The Broadsheet Daily: Rental Health Guidelines

Daniel L. Squadron

Lower Manhattan Is Affected More Than Most Communities by Stabilization Increases

By Dianne Renzulli, The Broadsheet Daily
June 29, 2011

Hopes for affordable housing have been on a roller coaster for much of this month, most recently plummeting when the New York City Rent Guidelines Board (RGB) ruled that monthly payments for rent-stabilized apartments will jump for leases renewed after October 1 by 3.75 percent (for one-year renewals, up from 2.25 percent) or 7.25 percent (for two-year renewals, up from 4.5 percent). This development came on the heels of what many affordability advocates described as a victory: the extension of rent regulations themselves, and a cap on property taxes for homeowners. But both developments have obscured the one part of rent debate that Community Board 1 (CB1) members say most affects Lower Manhattan residents: the impact of the June, 2003 New York State law on decontrol of rent-stabilized apartments.

The new State deal is aimed at slowing decontrol of rent-stabilized apartments. Under the new State rent regulation scheme, landlords can remove a vacant apartment from rent stabilization when the previous lease's rent hits $2,500 a month (up from $2,000 in previous years).
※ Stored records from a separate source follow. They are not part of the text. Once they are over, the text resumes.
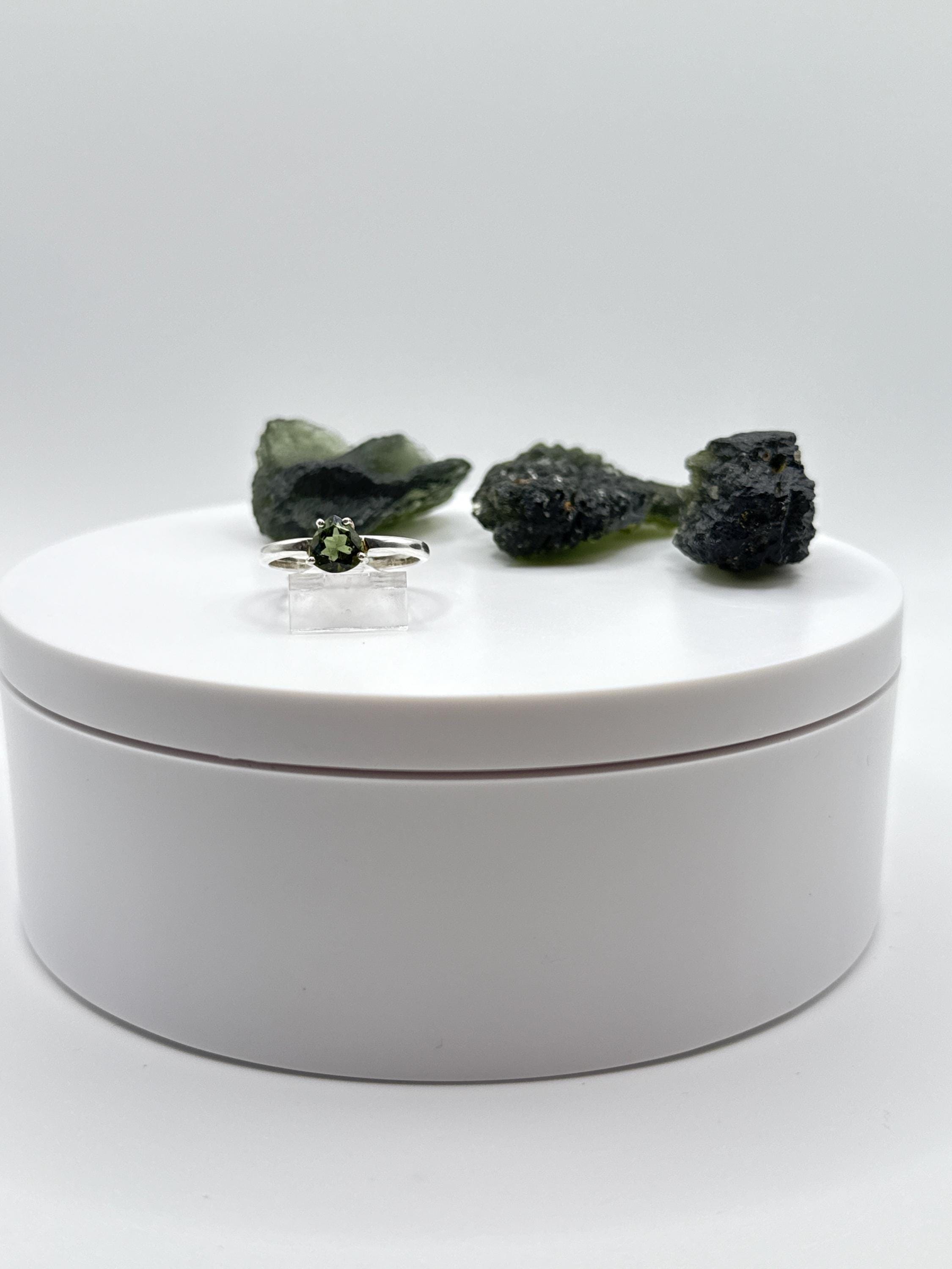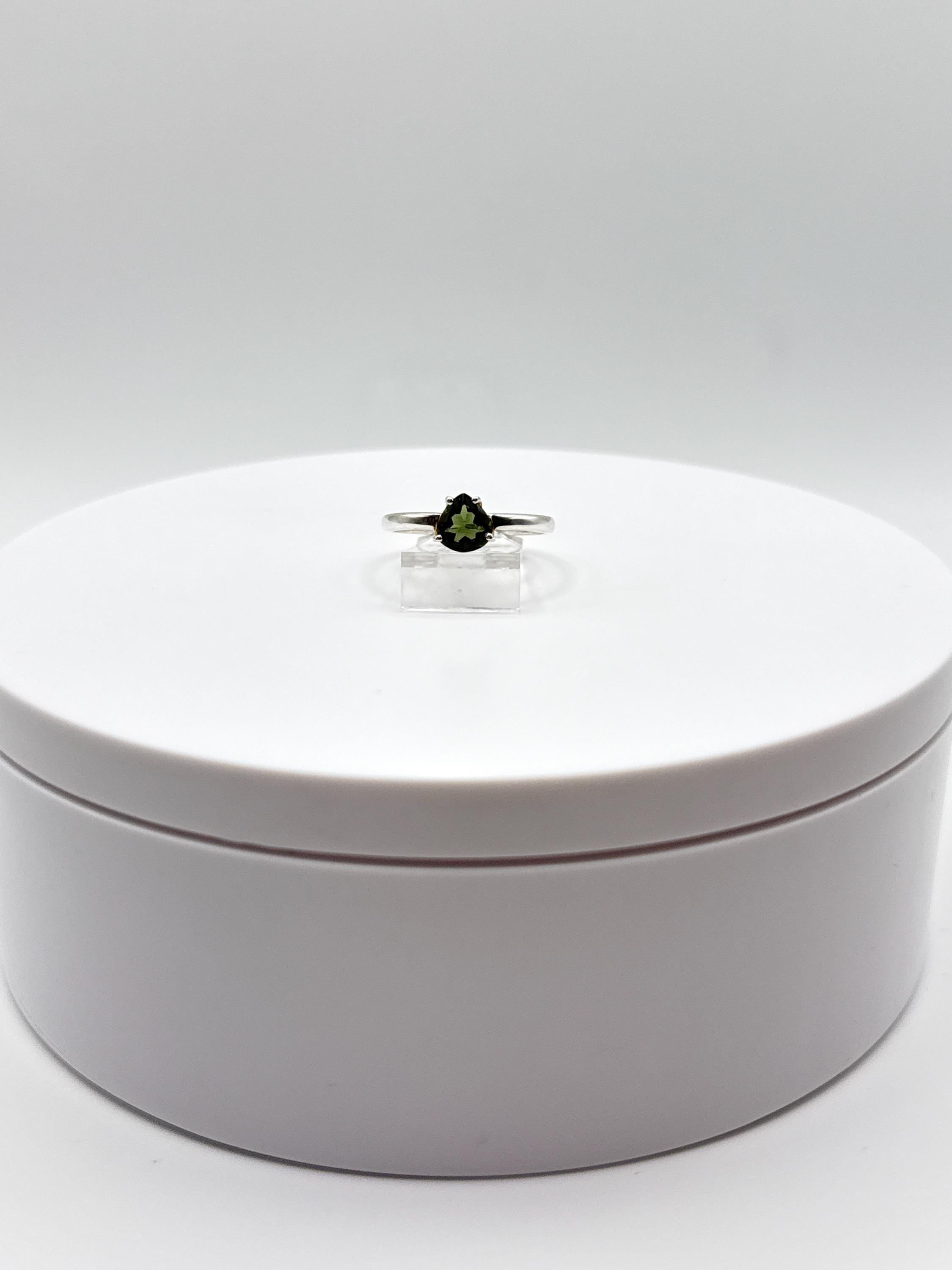 This elegant Moldavite ring features a trillion-cut Moldavite gemstone, set in a timeless sterling silver band. The bold, triangular shape of the stone showcases the vibrant green of Moldavite, creating a striking and sophisticated look. This ring becomes a captivating statement piece, perfect for those who appreciate unique and powerful gemstones.
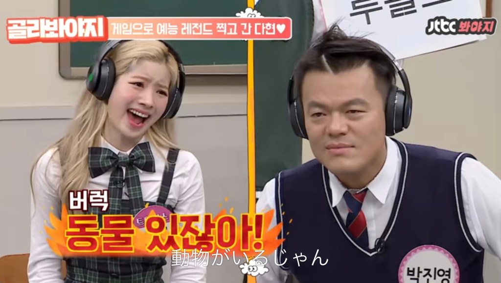 最初はパク・ジニョン氏とダヒョンが挑戦。ダヒョンがお題を説明して、パク・ジニョン氏が説明されたお題を当てるゲームですが、ダヒョンとパク・ジニョン氏の息が全く合いません!
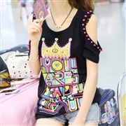 城堡印花露肩釘珠上衣 [上衣] #1-白色 #2-...

The same arrangement allows for occupied units facing lease renewal to come off of destabilization when the rent exceeds $2,500, and a family's annual income goes over $200,000 (up from $175,000) for two consecutive years.
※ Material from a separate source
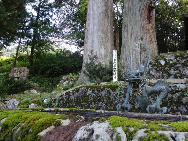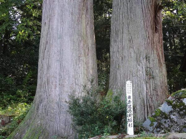 東赤尾の八幡社北側にそびえるこの夫婦杉は、樹高35m、樹冠の広がりは約17mで、直径は両方とも約5.1mと、見事な姿でたたずんでいます。樹勢も良く、いつまでも夫婦より添い、人々を見守ってくれることでしょう。
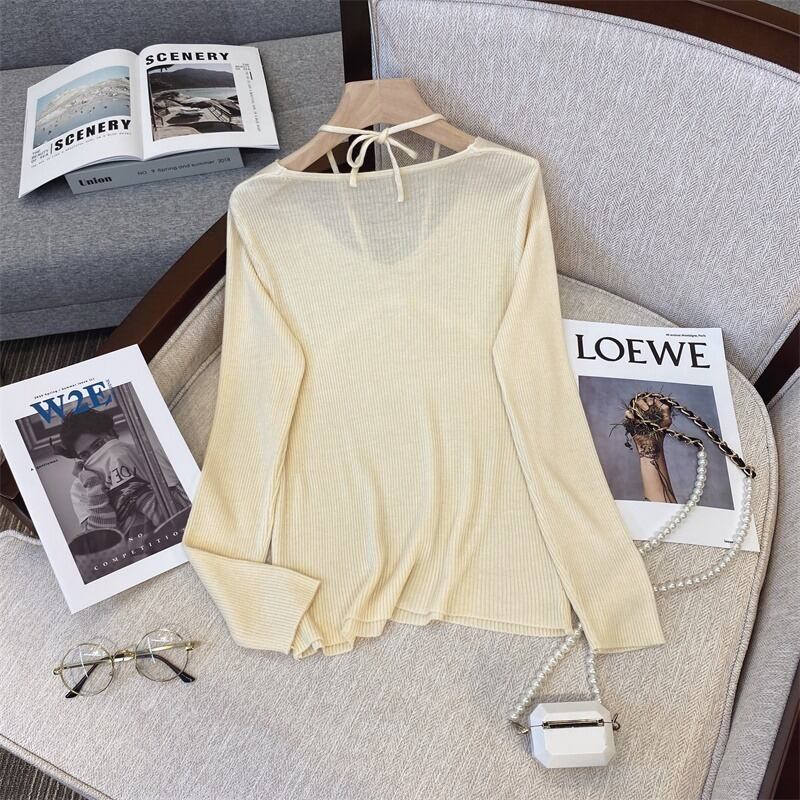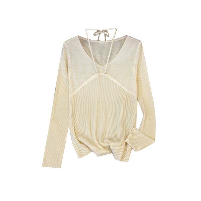 大きいサイズの婦人服 2023 トレンディな女性の春の新しいファット シスター ピュアな気をつけたいという願望マシン ネクタイ ハンギング ネック eign スタイル ニッチ ニットウェア 大きめサイズ スプリング 春物 8884139642606370

There are 1,700 units units in Gateway Plaza on South End Avenue that are regulated by a deal that mirrors rent stabilization. Other affordable housing in Lower Manhattan includes Southbridge Towers in the South Street Seaport area, whose 1,700 units fall under the State Mitchell-Lama program, and Independence Plaza North (IPN) on Greenwich Street, whose 1,350 units are now a mix of Section 8 (a federal voucher program), City LAP (Landlord Assistance Program) and market-rate tenants.

CB1 takes issue with the State on rent stabilization for two reasons. First, a November, 2009 survey conducted by CB1 inventoried 5,200 rent stabilized units in the Community Board's catchment area. That many rent-regulated units in a single community makes affordability an especially important issue. Second, Tom Goodkind, the chair of CB1's Affordable Housing Task Force, said the current law does nothing to repeal the June 2003 State Law S5693. Under this law, landlords can rent their rent stabilized units for "preferential rent," a rent less than the stabilized rent. Upon lease renewal, the landlord can raise the preferential rent to the maximum registered rent plus the RGB allowed increase. Mr. Goodkind said CB1 is focused on the issue of rent stabilization because "there are many residents in the area who have been paying preferential rent and are getting increases beyond affordability. They are being forced out of their homes with their families, and we need to stop this."
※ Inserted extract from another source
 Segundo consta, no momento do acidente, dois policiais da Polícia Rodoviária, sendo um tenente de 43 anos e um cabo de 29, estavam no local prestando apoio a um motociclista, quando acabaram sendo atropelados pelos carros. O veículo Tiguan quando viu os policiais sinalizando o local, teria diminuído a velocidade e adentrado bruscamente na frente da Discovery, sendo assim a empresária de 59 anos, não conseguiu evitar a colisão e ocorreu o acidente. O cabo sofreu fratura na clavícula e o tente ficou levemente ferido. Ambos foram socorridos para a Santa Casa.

State Senator Daniel Squadron said he pushed hard to improve this aspect of the law, as well as the legal status of rent increases caused by apartment renovations. "Important expansions I've been pushing for include ending vacancy decontrol, closing the preferential-rent loophole, preventing landlords from using renovations to vastly increase the rent on regulated apartments, and ensuring greater enforcement of tenant protections," he said. "Unfortunately, this bill does not include everything we need to protect tenants -- including preferential rent -- though I am glad it includes my bill to better protect tenants from misuse of individual apartment improvement rent increases, and that it will raise the decontrol threshold."